Output a character-exact copy of the data, images removed.

[GIVEN DATA]
|---|
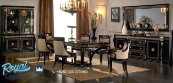 Furniture Design Luxury Style Dining Room Sets Classic Terbaru – Untuk memberikan kesan mewah kami menggunakan aplikasi Finishing Black combi Gold Duco (NC) dan joknya menggunakan Kain jok Bludru / Oscar Kulit Halus yang bermutu baik juga ditunjang dengan Busa LJ 26 yang akan terasa kenyal dan empuk saat anda mendudukinya, segera miliki set meja makan mewah ini untuk mempercantik tampilan ruang makan dalam rumah Anda.
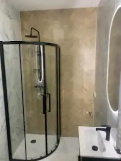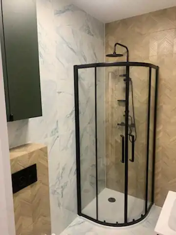 Ładna łazienka z kabiną prysznicową oraz funkcjonalnym przedpokojem z meblami w zabudowie może stać się Twoją odskocznią po trudach dnia codziennego.
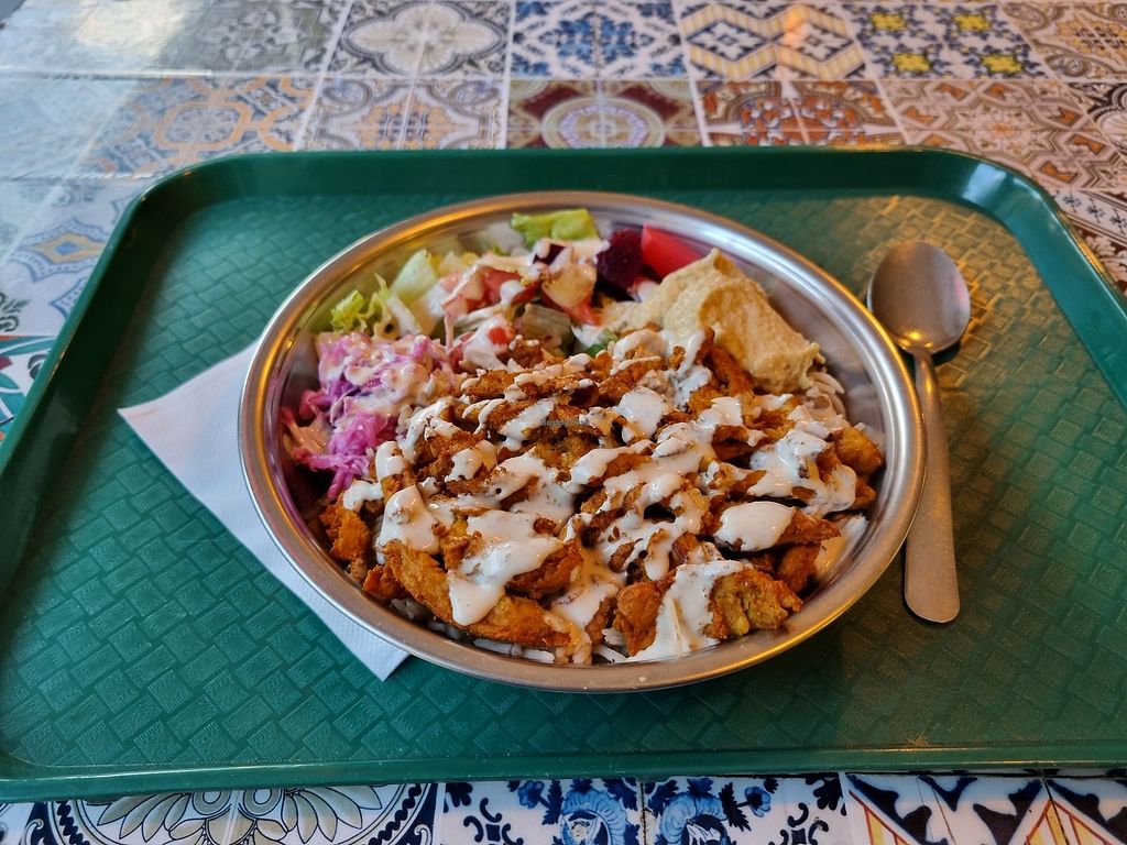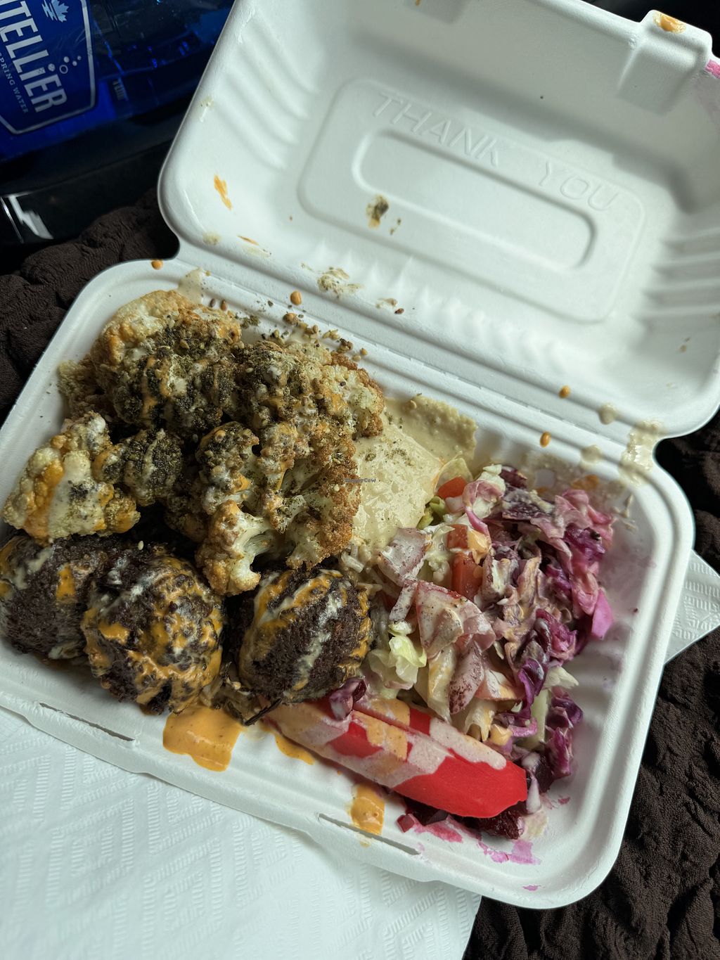 The chick'n shawerma is unreal. Very good. The rice was a bit dry, could use extra tahini and hot sauce but over all it hits the spot
|---|
[RESULT OF THE EXERCISE]
 Furniture Design Luxury Style Dining Room Sets Classic Terbaru – Untuk memberikan kesan mewah kami menggunakan aplikasi Finishing Black combi Gold Duco (NC) dan joknya menggunakan Kain jok Bludru / Oscar Kulit Halus yang bermutu baik juga ditunjang dengan Busa LJ 26 yang akan terasa kenyal dan empuk saat anda mendudukinya, segera miliki set meja makan mewah ini untuk mempercantik tampilan ruang makan dalam rumah Anda.
 Ładna łazienka z kabiną prysznicową oraz funkcjonalnym przedpokojem z meblami w zabudowie może stać się Twoją odskocznią po trudach dnia codziennego.
 The chick'n shawerma is unreal. Very good. The rice was a bit dry, could use extra tahini and hot sauce but over all it hits the spot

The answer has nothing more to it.